At first, you have to implement the detection model using machine learning. The detection model has to detect DDoS attacks and legitimate traffic at least one scenario with F1 score ≥ 0.9.
In the second, it is expected that you will find a point when the detection model needs to be relearn. Based on this you can implement the relearn process automatically. The mean F1 score for all traffic must be more or equal 0.9. As a tool for machine learning you can use scikit-learn [4] software.

Requirements: Basic understanding of machine learning, Python.

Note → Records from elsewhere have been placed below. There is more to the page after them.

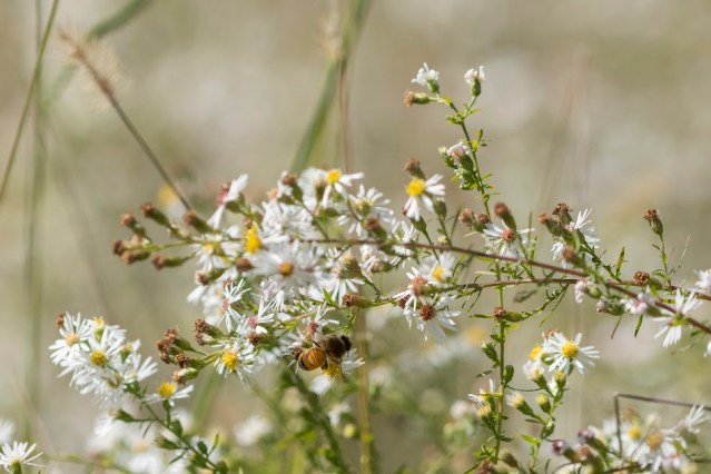 It’s that humble, unshowy appeal that makes its case through determination, repetition, and scale that gets me. And unlike the showier summer flowers, with the weedy fall wildflowers there’s not much unseen mystery. They may not be for us necessarily, but the distance between what pollinators might see and what we can see narrows considerably in the fall, and we have an opportunity in which the flowers and the pollinators both seem closer and more familiar to us. Like with Landretti’s marginal wastelands, our appreciation of the scenery becomes more intimate. More personal. These are not grand shows of color and majesty: there’s nothing that sublime about bees tumbling over tiny white petals in a ditch.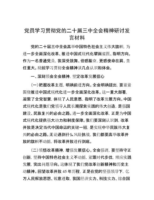 党员学习贯彻党的二十届三中全会精神研讨发言材料 2024-10-08 Word模板 95 购买前,请一定要先点击这里看看,欢迎持续关注,精彩模板每天推送 预览结束,本文件为word文档,一共5页,共2244字,请购买后,下载后查看 购买前,请一定要先点击这里看看,欢迎持续关注,精彩模板每天推送 资源下载下载价格29 RMBVIP免费升级VIP点击检测网盘有效后购买有任何充值和下载问题请加微信:xuexixuexi66 0 演讲发言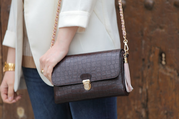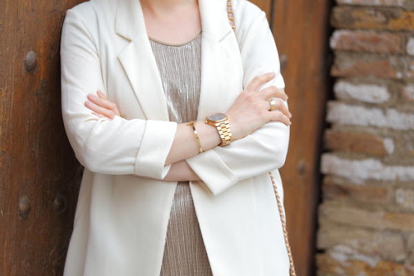 Tengo que dar las gracias a mi chico por las fotos que siempre me hace, porque sin él este blog sería imposible. Pero es que las fotos de hoy me gustan tanto que se me ha hecho realmente difícil hacer la selección. Además, el look que llevo con blazer blanca oversize, camiseta metalizada y pitillos me encanta. Aunque es sencillo como a mi me gustan, gracias a los toques de los pendientes, el metalizado de la camiseta o mi nuevo bolso que me tiene enamorada, le dan un punto que lo eleva a un look trendy chic.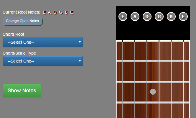 Taking into account that not all players play in standard tuning (EADGBe), Find Notes has the option to change the guitar's root notes.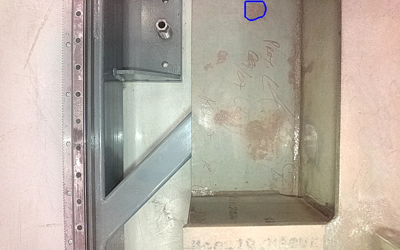 Rayaduras o zonas de metal expuestas con productos de óxido débilmente adherido. |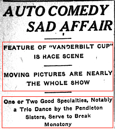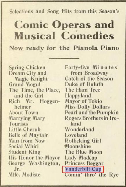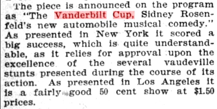 The Novelty Theatre in San Francisco began its run of "The Vanderbilt Cup" on Oct. 27, 1907 featuring "plenty of pretty girls" and "two monster racing cars". (The Argonaut, Nov. 2, 1907)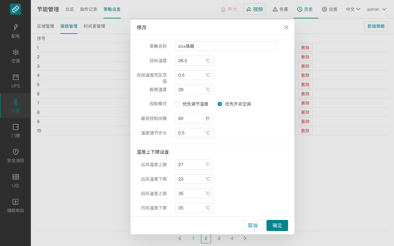 (1)空調用電的優化,在滿足機房熱負荷需求、環境溫度要求的前提下,通過自動調節空調出回風溫度設定、運行數量來實現空調用電的最優化。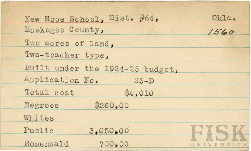 - School card from Rosenwald Fund for New Hope School in Muskogee County, Oklahoma
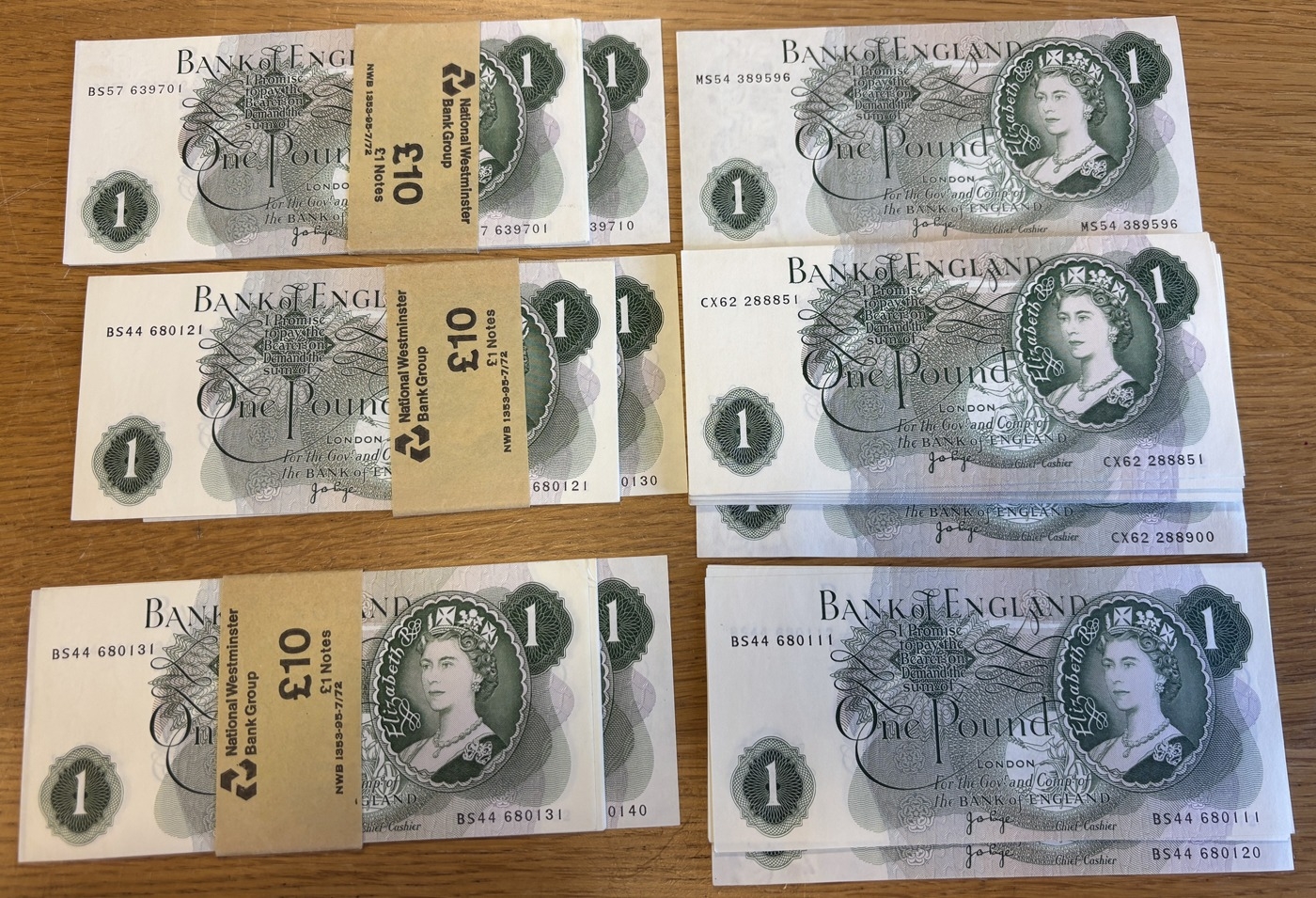 J.B. Page. Range of £1 notes, generally extremely fine with some better, including BS44 680111-140, BS57 639701-710, CX62 288851-900 and MS54. Qty 91. (N)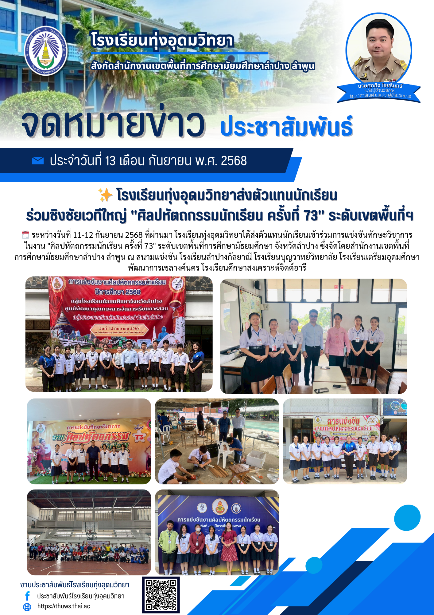 โรงเรียนทุ่งอุดมวิทยาส่งตัวแทนนักเรียน ร่วมชิงชัยเวทีใหญ่ ศิลปหัตถกรรมนักเรียน ครั้งที่ 73 ระดับเขตพื้นที่ฯ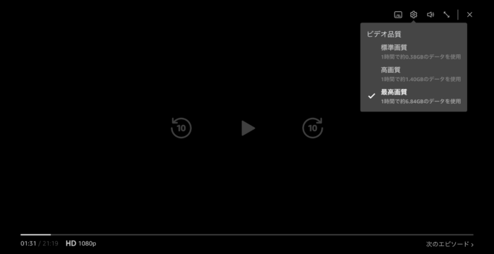 動画品質を最高画質以外を選択すると、重くなりすぎず再生がスムーズになりやすいです。前項の画像のように、再生画面の右上にある歯車マークから変更ができるので、確認してみてください。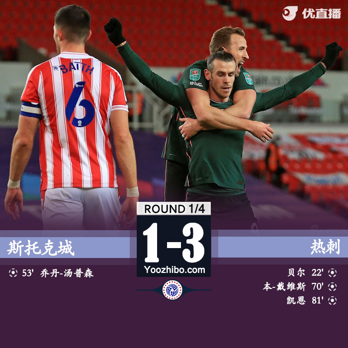英联杯简报:热刺3-1击败斯托克城 凯恩贝尔本-戴维斯破门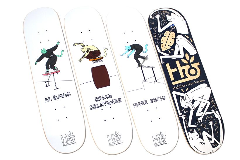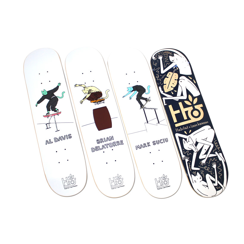 Habitat × Leon Karssenとのコラボデッキ。写真左から、Davis × Leon(7.75×31.25)、Delatorre × Leon(7.875×31.625)、Suciu × Leon(7.875×31.625)、Leon Karssen(7.75×31.25)。すべて¥11,880
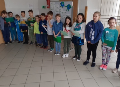 Na apelu były śpiewane piosenki o naszej planecie, recytowane wiersze i hasła, wspólnie rozwiązywany quiz z wiedzy przyrodniczej, a także zostało złożone przez wszystkie dzieci przyrzeczenie ekologiczne. W poszczególnych klasach podczas zajęć dydaktycznych dzieci wzbogacały swoją wiedzę w zakresie troski o naszą planetę i wykonywały prace plastyczne.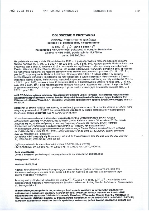 Wójt Gminy Kaliska ogłasza przetargi na zbycie nieruchomości gruntowych
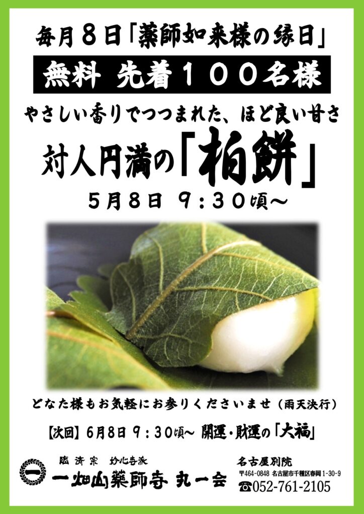 5/8【名古屋別院】柏餅 無料配布のご案内

[1] K. Borisenko, A. Rukavitsyn, A. Gurtov, A. Shorov. Detecting the Origin of DDoS Attacks in OpenStack Cloud Platform Using Data Mining Techniques. Internet of Things, Smart Spaces, and Next Generation Networks and Systems, 2016, vol. 9870, pp.303-315.
[2] R. Karimazad, A. Faraahi. An anomaly-based method for DDoS attacks detection using RBF neural networks. [Proc. of the International Conference on Network and Electronics Engineering, Singapore], IACSIT Press, 2011, pp. 44–48.